We have the wider fencing of this brand and love it but it is not cheap. The single coated fencing looks nice and is more affordable.

Centaur HTP: Wire Horse Fence Products


----------



## Horsinfun (Feb 6, 2012)

*Fence Advice*

You mentioned that you were looking for a cost effective fence. I have PolyPlus and White Lighting on my property from Centaur. This is a coated high tensile wire that can be electric or non-electric. I really love this fence because it reduces the risk of injury. This really helps my peace of mind. Nothing like having to pay a vet bill on top of one of your horses being injured. You can find this product and who to call at the website below. I found it really easy to install as well...Can be attached to t-post or wood posts. Really versatile.

www.centaurhtp.com


----------



## moderncowgirl (Feb 4, 2012)

I lived on a farm for awhile that my parents rented. It had 14 acres of pasture and the fence was all rotten. The landlord refused to put any money into the property. Being in highschool and just starting boarding horses I couldn't afford much, but the barn was a tease and the dream just at my fingertips. My mom and I saw other hobby farms use t post and the plan electric fence gauge wire. We looked around and got a bunch of used t post dirt cheap! Than bought the wire and clips at tsc. We ripped out majority of the old fencing that was rotten and than pounded t posts about 5-6 feet apart and put up 3 rows of the electric fence wire. I know some people have fear of t post when horses rear and possibly landing but the respected that much more than the crappy falling down boards.
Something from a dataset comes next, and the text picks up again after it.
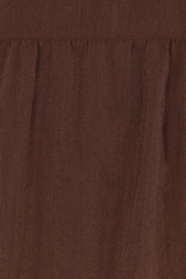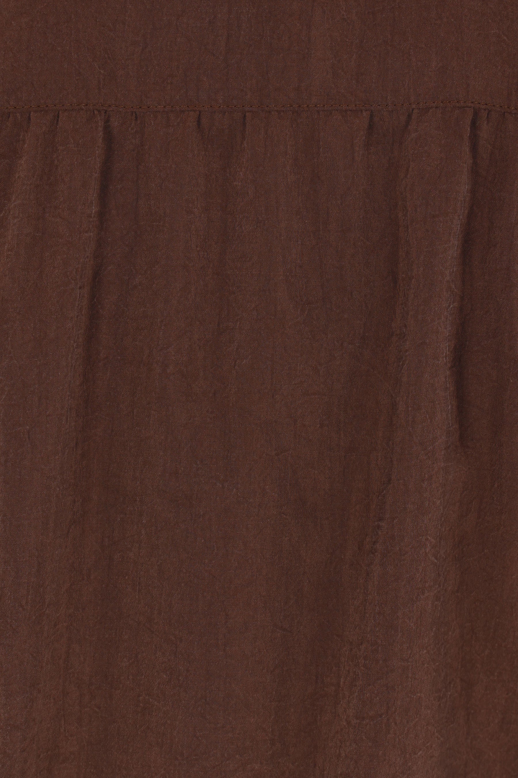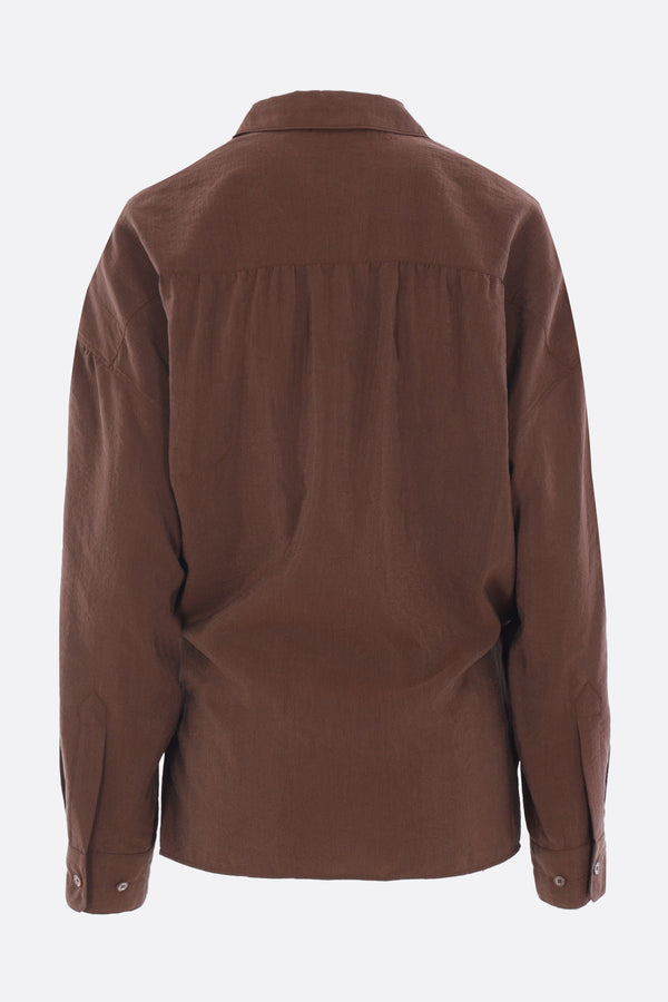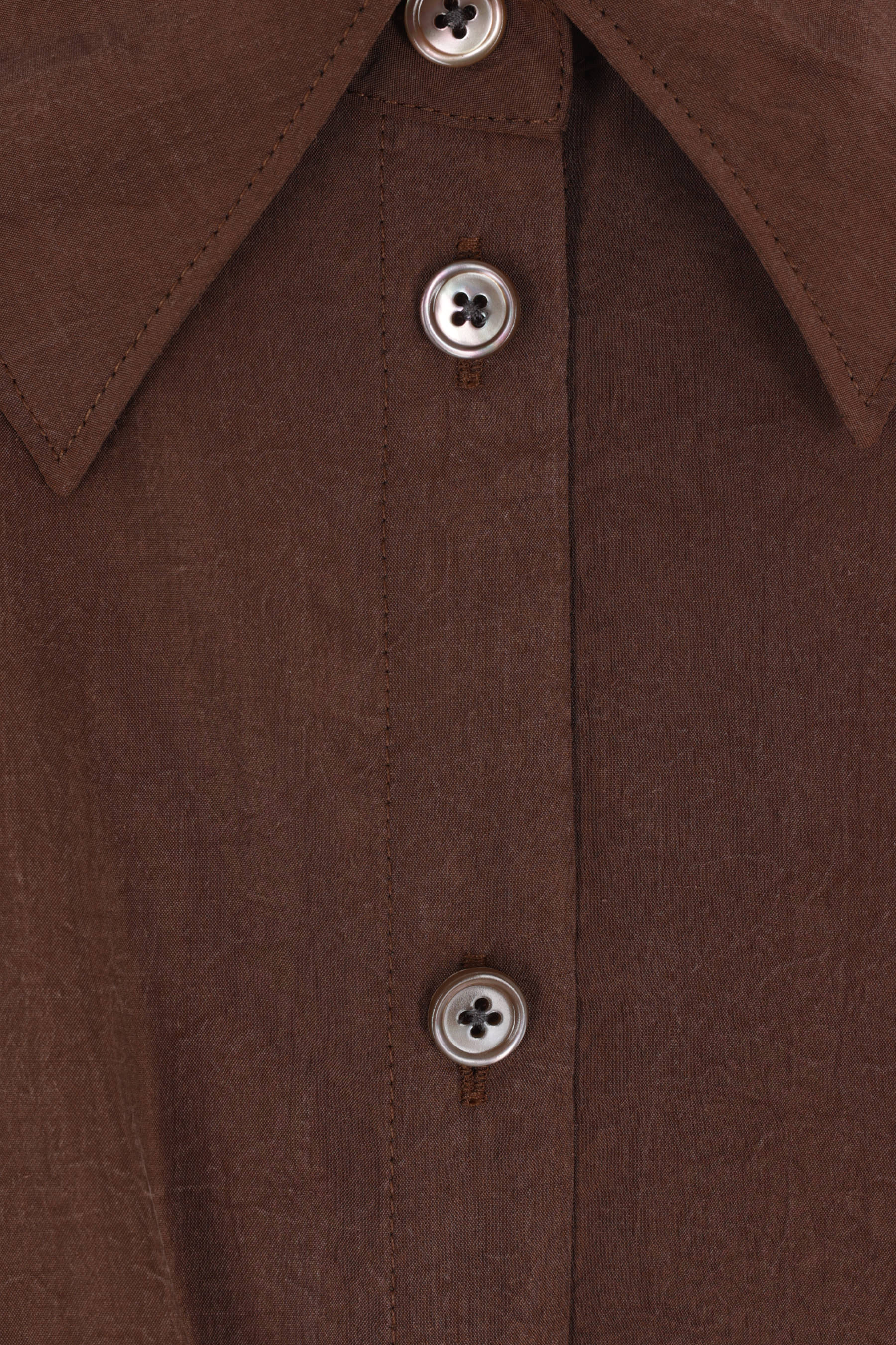 Lemaire shirt crafted from brown silk blend. Featuring a pointed collar, asymmetric button closure, long sleeves with buttoned cuffs, gathered detailing at the back, and a straight hem.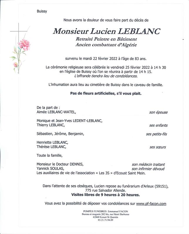 Décédé à Cambrai (59400, France) le mardi 22 février 2022 à l'âge de 83 ans

I also got couple electric fencers for each side of the property. One was used. In total to do 3 large pastures and 4 small sacrifice pastures it was under 1000.00 bucks. Most of the stuff was used such as t posts, gates and the 1 fencer. Best thing was when we moved the t posts with few tugs came right out! And I was able take everything I put into the property with me. The landlord wanted brand new wood and posts fence pfffttt! Not at my cost! He was an **** long story short!
_Posted via Mobile Device_


----------



## PeytonM (Jan 9, 2012)

go to your local power company and ask if you could get old power poles for corner post.. 

i'd watch for farm auctions with fence post and stuff. also knowing ex farmers and stuff you might be able to get post for next to nothing from them cause they will never use them.


----------



## Joe4d (Sep 1, 2011)

concreted and braced corner posts, t posts every 20 feet, and high tension steel. Cheap, strong, lasts forever,


----------



## Saddlebag (Jan 17, 2011)

Wire is your best option with electric fencing. The wind can't blow it around like it can the poly ribbons. The wider the ribbon, the more it is subjected to strain. It's fine for interior fencing but not perimeter. Horses need a hot wire and the lower wire will be the ground or neutral wire. Even better is to add a bottom hot wire. The fencer must be well grounded with metal buried. An old car radiator buried makes an excellent ground. Or you can drive pipes in and attach your fencer ground to them. Don't go buying "ground rods" unless you have nothing else. I had two 3' lengths of 1" galvanized pipe lying around and those are now my ground rods.


----------